WHAT NEEDS TO BE DONE: Please write out exactly the line containing "Auf der Vorderseite: Schwarz/weiß" below and every line after it, through the last one, but leave out any pictures.

SUPPLIED DATA:
-*-

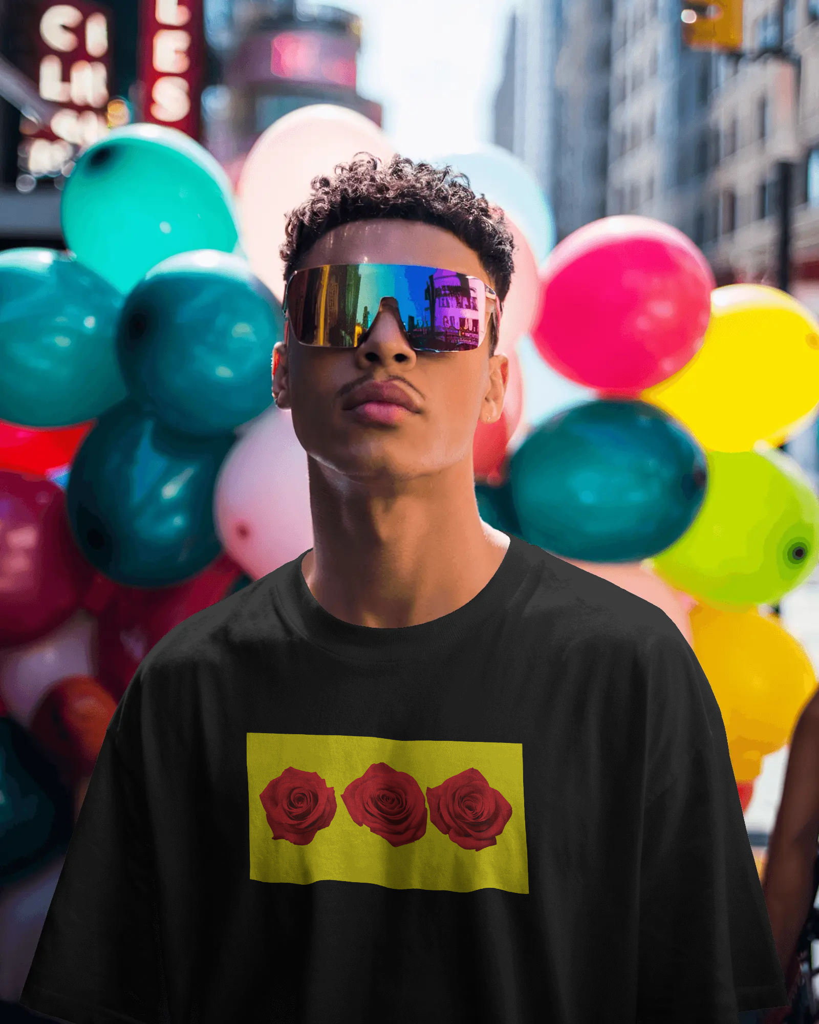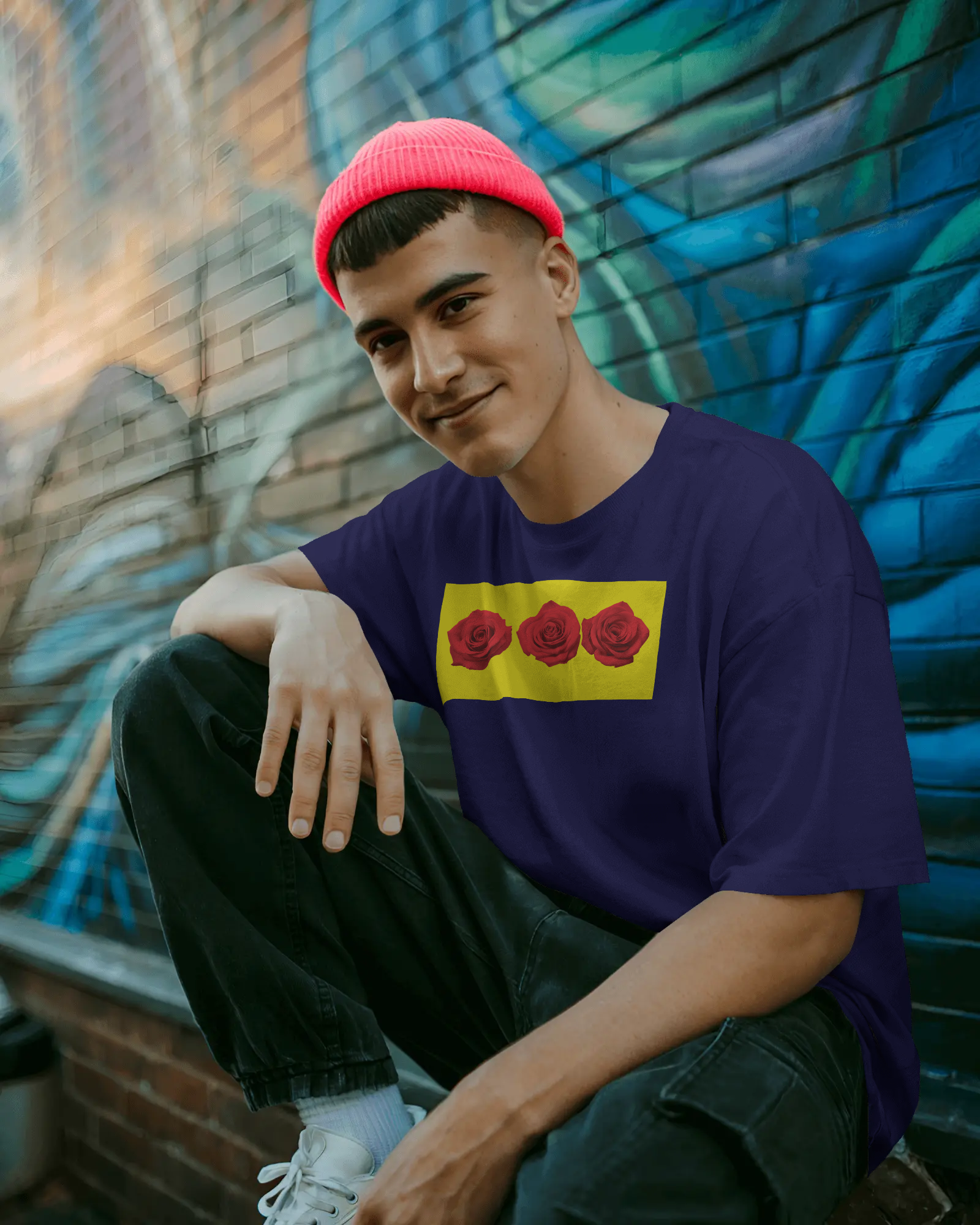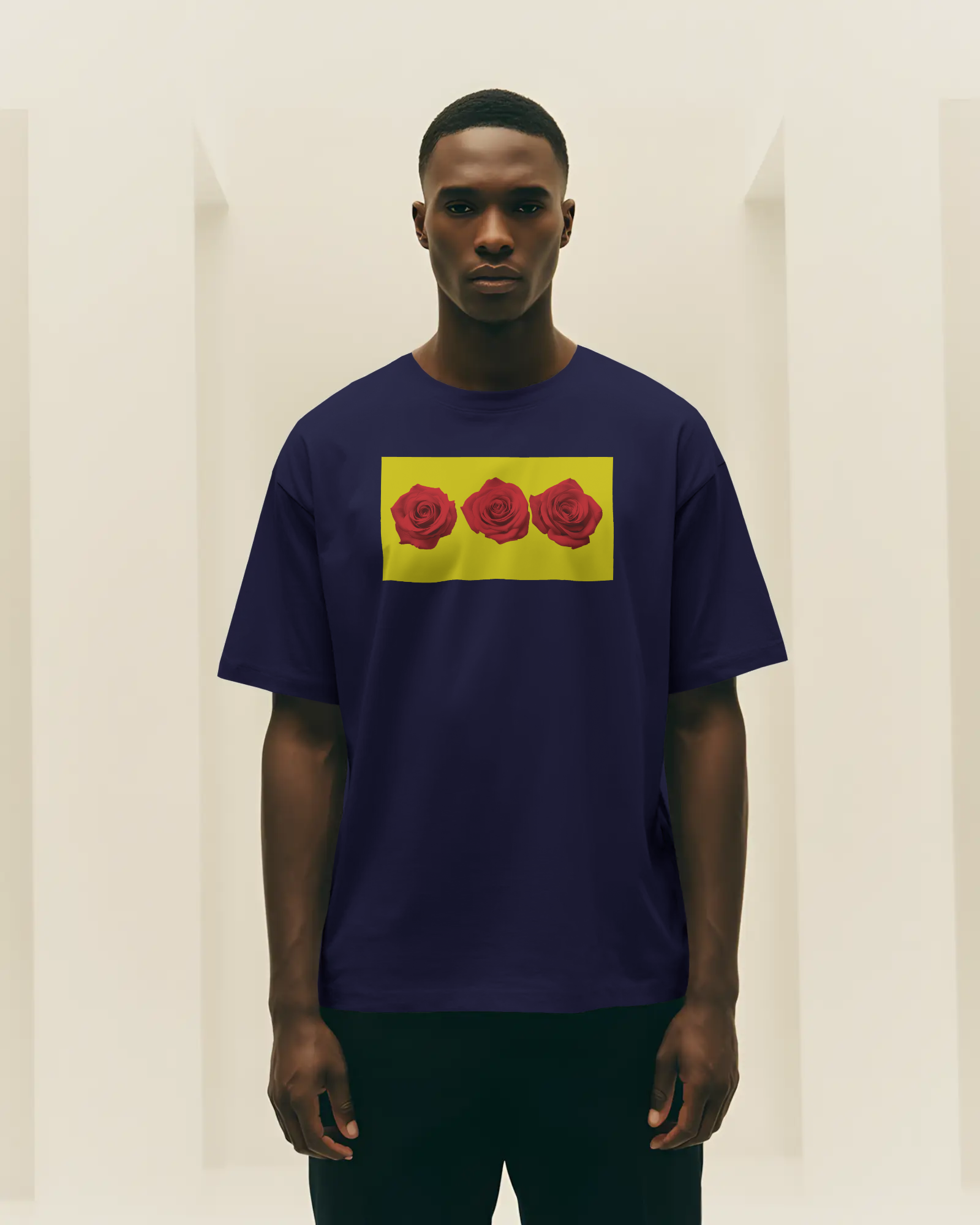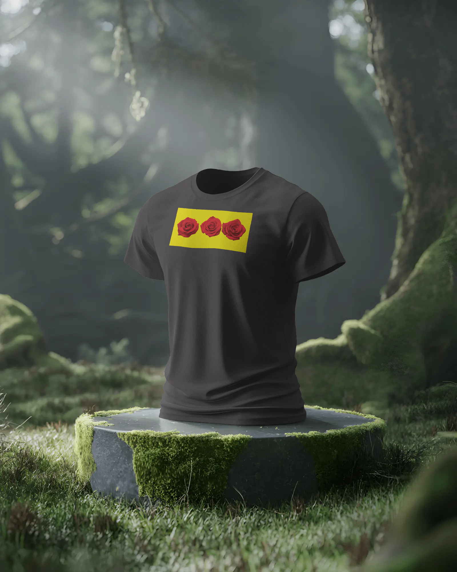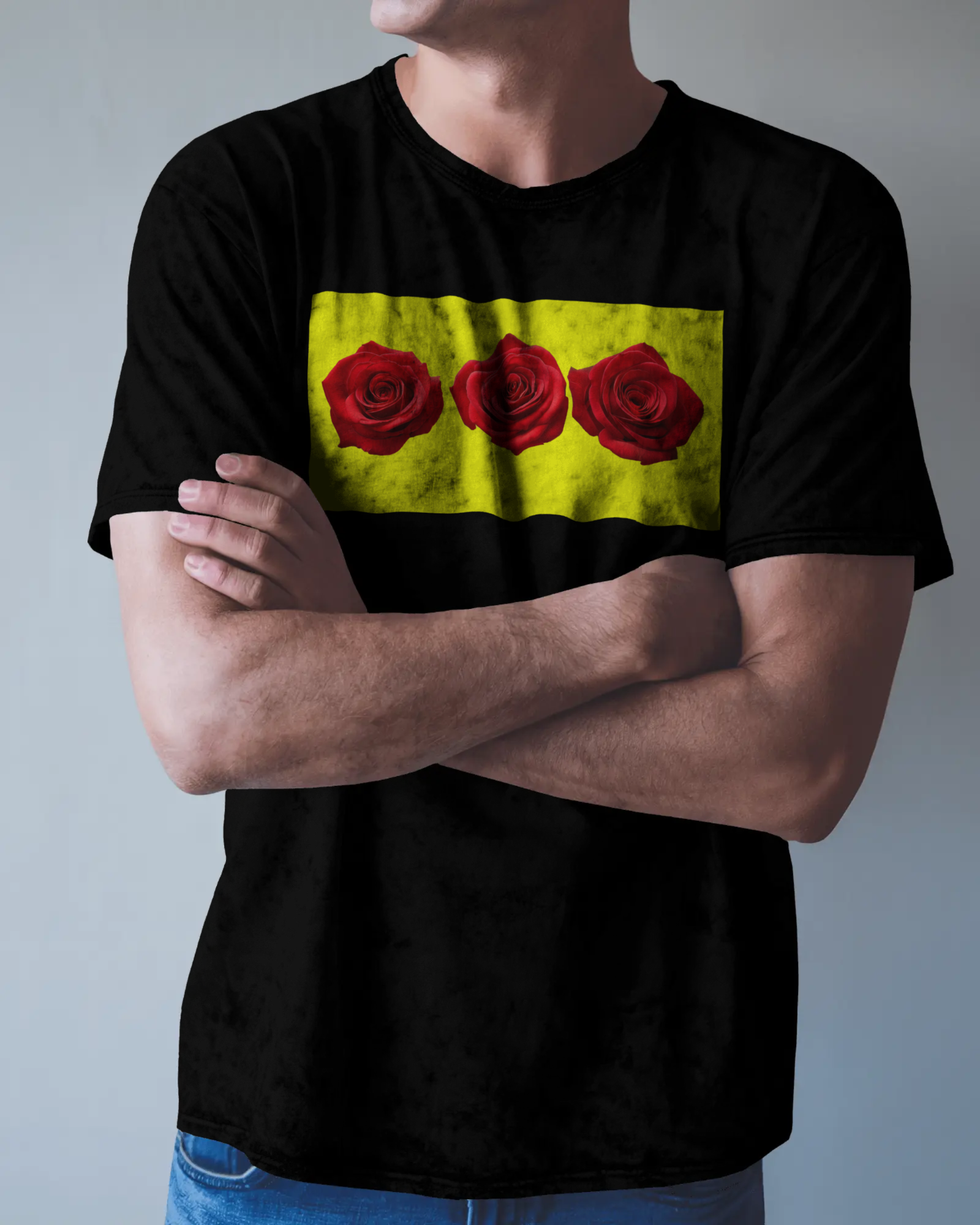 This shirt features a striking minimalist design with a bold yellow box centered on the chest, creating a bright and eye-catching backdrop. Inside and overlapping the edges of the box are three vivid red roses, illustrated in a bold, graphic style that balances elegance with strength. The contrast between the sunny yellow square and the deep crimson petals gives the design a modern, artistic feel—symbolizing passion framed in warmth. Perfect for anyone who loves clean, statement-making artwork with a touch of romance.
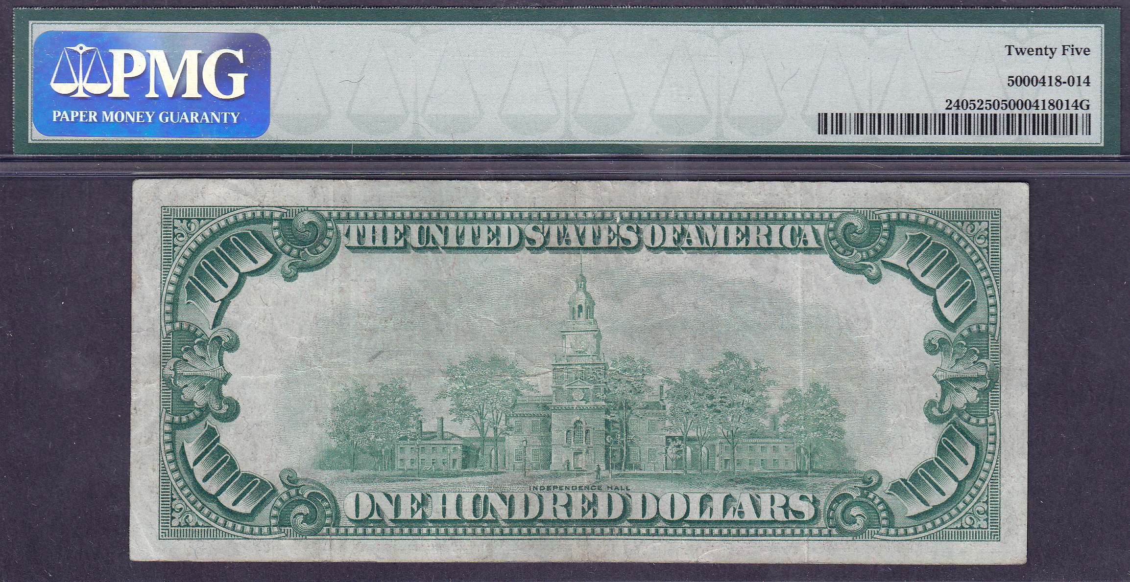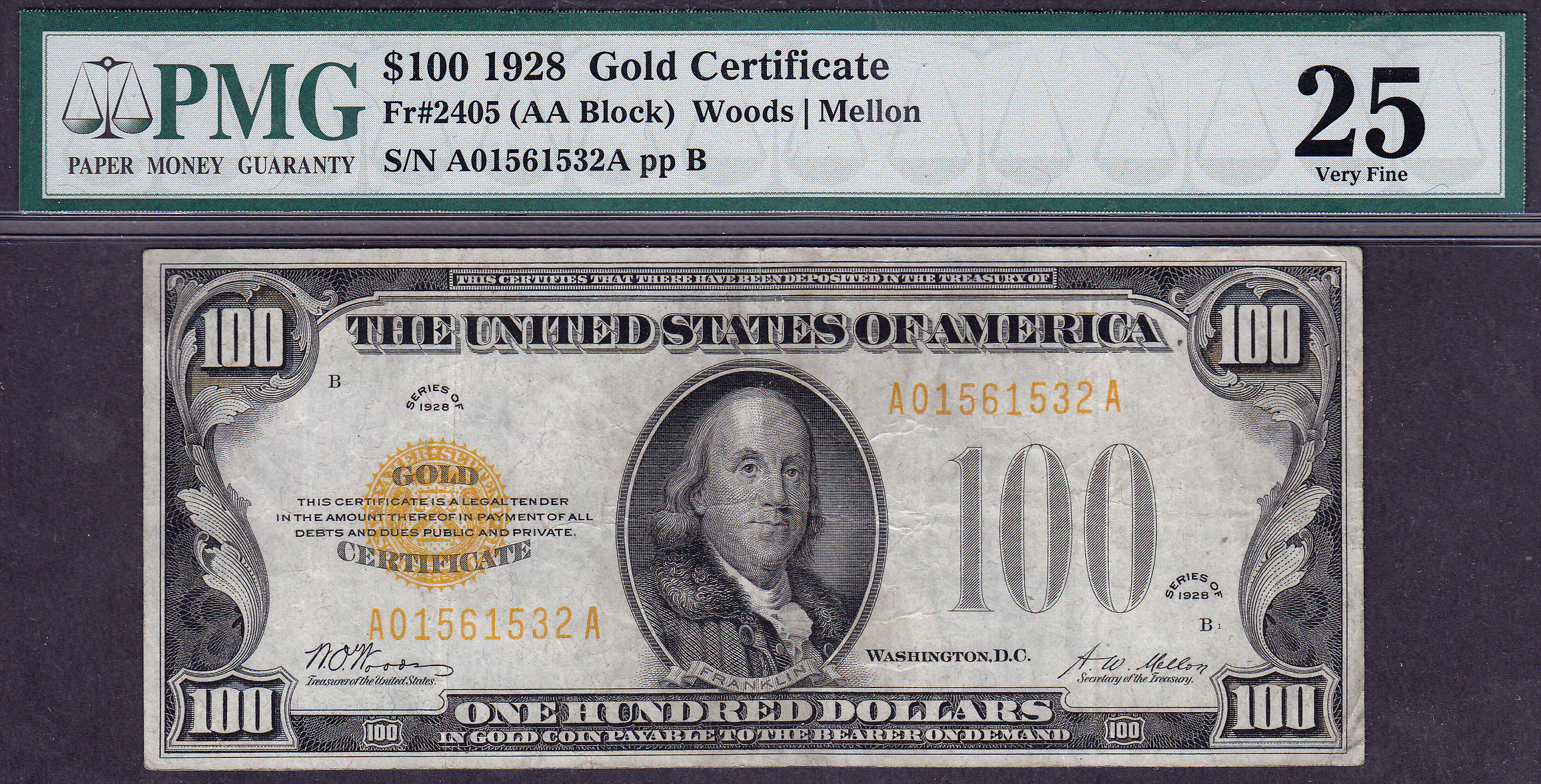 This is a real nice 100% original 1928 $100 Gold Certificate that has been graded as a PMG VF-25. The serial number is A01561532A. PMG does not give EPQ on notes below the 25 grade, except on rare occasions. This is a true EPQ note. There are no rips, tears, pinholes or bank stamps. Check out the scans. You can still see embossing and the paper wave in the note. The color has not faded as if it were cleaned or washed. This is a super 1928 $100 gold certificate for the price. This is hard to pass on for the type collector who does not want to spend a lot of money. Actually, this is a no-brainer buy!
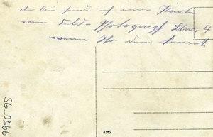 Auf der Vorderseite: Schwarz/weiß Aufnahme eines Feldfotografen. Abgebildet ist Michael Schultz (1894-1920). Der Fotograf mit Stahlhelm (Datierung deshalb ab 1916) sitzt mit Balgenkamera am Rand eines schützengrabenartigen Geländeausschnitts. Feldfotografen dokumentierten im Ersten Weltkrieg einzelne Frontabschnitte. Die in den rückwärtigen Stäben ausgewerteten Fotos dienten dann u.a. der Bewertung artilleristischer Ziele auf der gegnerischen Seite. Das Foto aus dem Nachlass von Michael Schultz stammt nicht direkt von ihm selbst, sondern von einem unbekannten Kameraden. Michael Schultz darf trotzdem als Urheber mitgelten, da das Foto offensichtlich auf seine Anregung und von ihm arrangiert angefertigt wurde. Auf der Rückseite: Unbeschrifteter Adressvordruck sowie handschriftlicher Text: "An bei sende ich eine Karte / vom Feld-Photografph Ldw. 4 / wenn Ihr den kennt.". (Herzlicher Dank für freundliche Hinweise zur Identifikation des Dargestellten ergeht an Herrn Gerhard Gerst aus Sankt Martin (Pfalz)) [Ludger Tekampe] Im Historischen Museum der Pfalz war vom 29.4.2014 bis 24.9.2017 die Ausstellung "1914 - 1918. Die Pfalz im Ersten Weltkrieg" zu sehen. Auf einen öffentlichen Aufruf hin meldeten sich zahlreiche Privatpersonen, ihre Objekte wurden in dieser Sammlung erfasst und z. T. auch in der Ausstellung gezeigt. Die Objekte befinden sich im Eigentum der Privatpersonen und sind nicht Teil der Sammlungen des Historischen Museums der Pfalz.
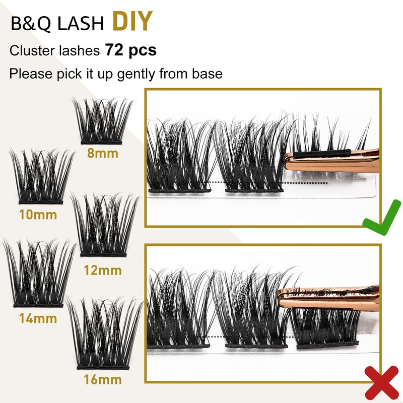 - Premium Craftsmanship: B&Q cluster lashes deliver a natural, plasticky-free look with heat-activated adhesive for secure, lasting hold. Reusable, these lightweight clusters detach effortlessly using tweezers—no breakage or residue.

-*-

TASK ANSWER:
 Auf der Vorderseite: Schwarz/weiß Aufnahme eines Feldfotografen. Abgebildet ist Michael Schultz (1894-1920). Der Fotograf mit Stahlhelm (Datierung deshalb ab 1916) sitzt mit Balgenkamera am Rand eines schützengrabenartigen Geländeausschnitts. Feldfotografen dokumentierten im Ersten Weltkrieg einzelne Frontabschnitte. Die in den rückwärtigen Stäben ausgewerteten Fotos dienten dann u.a. der Bewertung artilleristischer Ziele auf der gegnerischen Seite. Das Foto aus dem Nachlass von Michael Schultz stammt nicht direkt von ihm selbst, sondern von einem unbekannten Kameraden. Michael Schultz darf trotzdem als Urheber mitgelten, da das Foto offensichtlich auf seine Anregung und von ihm arrangiert angefertigt wurde. Auf der Rückseite: Unbeschrifteter Adressvordruck sowie handschriftlicher Text: "An bei sende ich eine Karte / vom Feld-Photografph Ldw. 4 / wenn Ihr den kennt.". (Herzlicher Dank für freundliche Hinweise zur Identifikation des Dargestellten ergeht an Herrn Gerhard Gerst aus Sankt Martin (Pfalz)) [Ludger Tekampe] Im Historischen Museum der Pfalz war vom 29.4.2014 bis 24.9.2017 die Ausstellung "1914 - 1918. Die Pfalz im Ersten Weltkrieg" zu sehen. Auf einen öffentlichen Aufruf hin meldeten sich zahlreiche Privatpersonen, ihre Objekte wurden in dieser Sammlung erfasst und z. T. auch in der Ausstellung gezeigt. Die Objekte befinden sich im Eigentum der Privatpersonen und sind nicht Teil der Sammlungen des Historischen Museums der Pfalz.
 - Premium Craftsmanship: B&Q cluster lashes deliver a natural, plasticky-free look with heat-activated adhesive for secure, lasting hold. Reusable, these lightweight clusters detach effortlessly using tweezers—no breakage or residue.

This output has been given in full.